= GIVEN INFORMATION =
··········

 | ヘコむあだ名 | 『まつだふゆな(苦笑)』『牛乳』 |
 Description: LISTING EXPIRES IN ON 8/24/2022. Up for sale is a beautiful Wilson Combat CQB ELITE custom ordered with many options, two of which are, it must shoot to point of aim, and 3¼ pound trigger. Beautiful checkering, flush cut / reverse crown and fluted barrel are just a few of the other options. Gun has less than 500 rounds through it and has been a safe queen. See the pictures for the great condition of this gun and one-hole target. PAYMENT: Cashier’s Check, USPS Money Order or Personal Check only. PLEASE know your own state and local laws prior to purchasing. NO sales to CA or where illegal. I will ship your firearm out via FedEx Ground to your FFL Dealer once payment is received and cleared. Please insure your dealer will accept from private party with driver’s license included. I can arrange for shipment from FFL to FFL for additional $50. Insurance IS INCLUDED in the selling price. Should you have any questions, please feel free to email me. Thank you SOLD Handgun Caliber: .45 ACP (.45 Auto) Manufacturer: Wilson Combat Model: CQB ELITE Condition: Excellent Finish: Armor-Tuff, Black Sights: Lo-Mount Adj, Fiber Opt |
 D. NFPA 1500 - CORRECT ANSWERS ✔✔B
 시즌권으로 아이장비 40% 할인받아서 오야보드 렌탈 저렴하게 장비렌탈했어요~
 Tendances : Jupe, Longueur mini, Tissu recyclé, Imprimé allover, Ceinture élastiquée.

··········

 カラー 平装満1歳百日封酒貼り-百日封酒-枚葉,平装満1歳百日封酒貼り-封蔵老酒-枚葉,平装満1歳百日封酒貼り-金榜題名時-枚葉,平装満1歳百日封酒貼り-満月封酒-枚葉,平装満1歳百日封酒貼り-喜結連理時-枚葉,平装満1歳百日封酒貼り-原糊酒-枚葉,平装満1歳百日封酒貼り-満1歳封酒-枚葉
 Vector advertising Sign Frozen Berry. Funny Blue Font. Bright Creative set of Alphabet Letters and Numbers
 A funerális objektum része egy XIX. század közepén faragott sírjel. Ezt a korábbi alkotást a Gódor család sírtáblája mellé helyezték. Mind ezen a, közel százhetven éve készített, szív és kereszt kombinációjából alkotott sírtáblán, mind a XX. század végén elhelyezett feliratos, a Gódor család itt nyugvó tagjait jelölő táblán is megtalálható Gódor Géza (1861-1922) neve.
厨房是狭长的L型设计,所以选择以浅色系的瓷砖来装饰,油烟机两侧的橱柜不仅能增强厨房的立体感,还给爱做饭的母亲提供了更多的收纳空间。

··········

= ACTIVITY =
Retype only the lines above between the line with "시즌권으로 아이장비 40% 할인받아서 오야보드 렌탈 저렴하게 장비렌탈했어요~" and the line with "Tendances : Jupe, Longueur", counting those two lines as well, and keep every character as it is.

= OUTPUT OF THE TASK =
 시즌권으로 아이장비 40% 할인받아서 오야보드 렌탈 저렴하게 장비렌탈했어요~
 Tendances : Jupe, Longueur mini, Tissu recyclé, Imprimé allover, Ceinture élastiquée.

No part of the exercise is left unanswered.